9. Descrivete finalità e impostazione del QFD – Quality Function Deployment


Il QFD è uno strumento importante per l’integrazione del lavoro di marketing con quello dei progettisti, dopo il
confronto anche con i clienti, si definiscono le specifiche di prodotto e può essere applicato per la producibilità.
Esso viene formalizzato attorno ai 6 passi della Casa della qualità:
• voce del cliente
• analisi della concorrenza
• voce dell’ingegnere
• correlazioni
• comparazioni tecniche
• trade-off
Il QFD ha forti ricadute a livello di:
• benefici nella progettazione: in quanto ha una piena comprensione dei bisogni dei clienti, riduzione del lead-
time, riduzione dei costi di sviluppo e valorizzazione del know-how
• benefici nella produzione, quindi riduzione delle necessità di interventi e rilavorazione e aumento della
produttività
• benefici sul mercato, quindi miglioramento della soddisfazione del cliente e riduzione dei guasti e degli
interventi in garanzia.

10. Mettete a confronto l’innovazione di prodotto con l’innovazione di processo, come sono legati nel tempo.
La differenza principale è che nell'innovazione del prodotto, l'output è destinato alla vendita al cliente finale. Mentre del
processo è un qualcosa di nuovo apportato nella produzione di beni o servizi, che può essere un nuovo metodo per
esempio che potrebbe far aumentare la produzione a minori costi.

11. Paradigma tecnologico


Paradigma tecnologico è il modello di soluzione che permette di legare a una innovazione di base (telaio tessile, petrolio
ecc.) a un processo innovativo a casata che coinvolge tutti i prodotti e processi portando un miglioramento es. Internet.
Il paradigma si caratterizza come regime tecnologico quando l’insieme delle trasformazioni della sfera di produzione si
allarga fino alla dimensione economica e sociale.

12. Innovazioni di sistema e innovazioni di componente


L’innovazione può essere:
• di componente o modulale (modular innovation) che riguarda al cambiare una componente senza mutare
l’intera configurazione del sistema (incrementale)
• di sistema o architettonico (architectural innovation) cambiamento della configurazione del sistema e modo di
interagire tra le parti (es. bicicletta, inizialmente non avevano pedali o avevano pedali direttamente attaccati
alla grande ruota davanti, nelle bici moderne invece l’interazione tra pedali e ruota avviene grazie alle catene).
Quando si hanno cambiamenti architettonici l’impresa deve riorganizzare l’assetto organizzativo in modo da
adattarsi al meglio alla nuova forma (radicale).

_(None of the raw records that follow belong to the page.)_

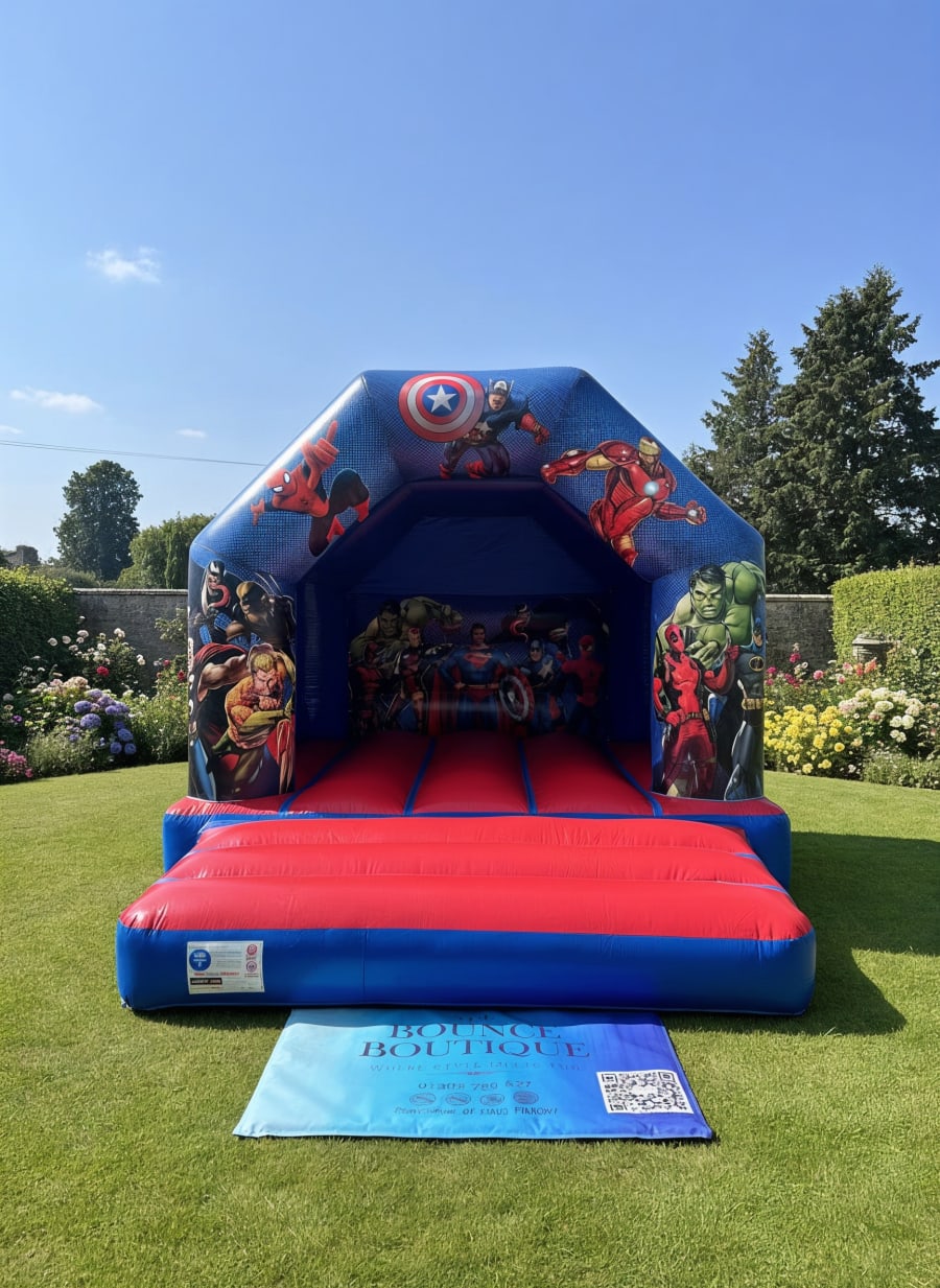 Unleash the action at your next party with our Superhero Bouncy Castle a vibrant, comic-style inflatable featuring favourites like Batman, Spiderman, Superman and more! With bold blue and red panel, this castle is ideal for energetic kids ready to save the day.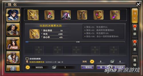 在帮派商店中也会随机出现各种金装备碎片,集齐碎片之后可以直接合成获得,如果在商店中没有看到你想要的,那么还可以通过消耗元宝来更新商店商品。而这里购买的主要消费主要是消耗帮贡来购买装备。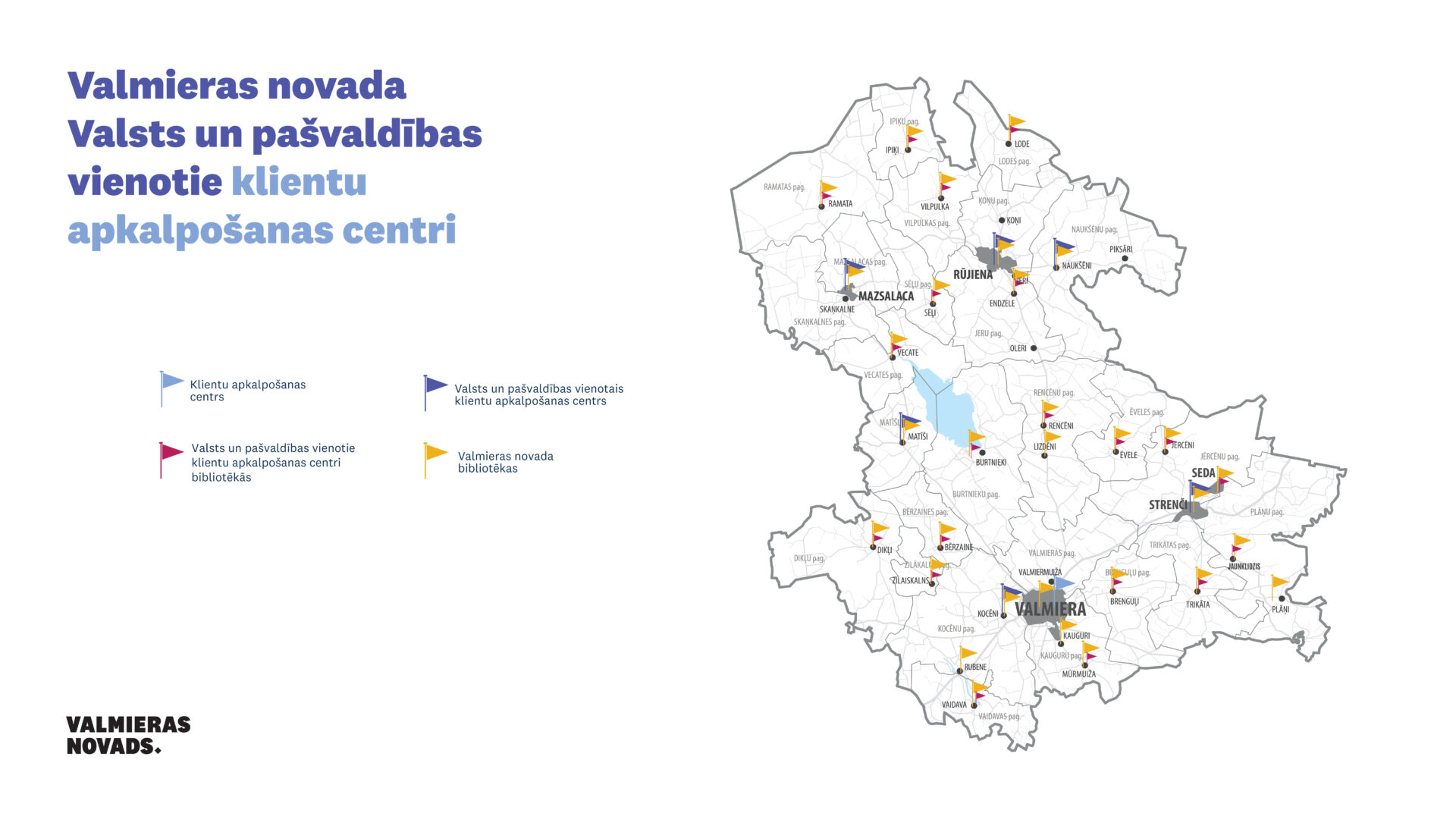 Viedās administrācijas un reģionālās attīstības ministrijai sadarbojoties ar Valmieras novada pašvaldību realizēts projekts “Pakalpojumu sniegšanas reformas atbalsts”. Pilnveidojot publisko pakalpojumu sistēmu un attīstību, 7. novembrī Valmieras novadā tika atklāti 7 jauni Valsts un pašvaldības vienotie klientu apkalpošanas centri (VPVKAC) 7 novada bibliotēkās. Šādu kontaktpunktu izveide lauku apdzīvotajās vietās ir ļoti vajadzīga, lai kopienas iedzīvotāji, apmeklējot bibliotēku un pasākumus, varētu sakārtot sev nepieciešamās lietas ar valsts iestādēm attālināti un digitāli ar zinoša speciālista palīdzību. Nozīmīgi tas ir arī tāpēc, ka attālo lauku iedzīvotāju mobilitātes iespējas aizvien samazinās.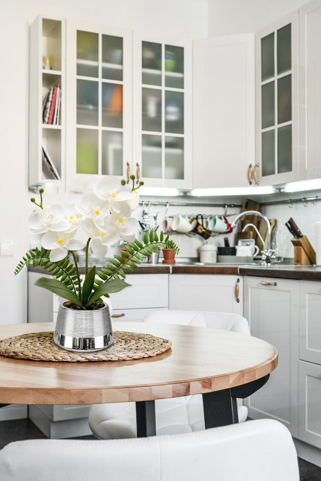 White Orchids Artificial Flowers in Silver Pot Faux Phaleanopsis Orchid Bonsia

13. Strategia blue ocean e strategia red ocean


Blue ocean è una strategia che permette di vincere senza competere, in quanto l’innovazione crea nuovi settori in cui la
competizione ancora non esiste, invece di spingerli a combattere per la quota di mercato su settori già esistenti (red
ocean).
Le differenze sono:
a) red ocean: competizione per una quota di mercato già esistente, finalizzata a prevalere sulla concorrenza,
sfruttare la domanda esistente, trade-off valore/costo, allineare l’intero sistema delle attività della compagnia
con le scelte strategiche di differenziazione o low cost
b) blue ocean: creare un nuovo settore di mercato in cui la concerreza è irrilevante, suscitare e catturare nuova
domanda, rompere il trade-off valore/costo, allineare l’intero sistema delle attività della compagnia persegendo
differenziazione o low cost. Es. Bla bla car.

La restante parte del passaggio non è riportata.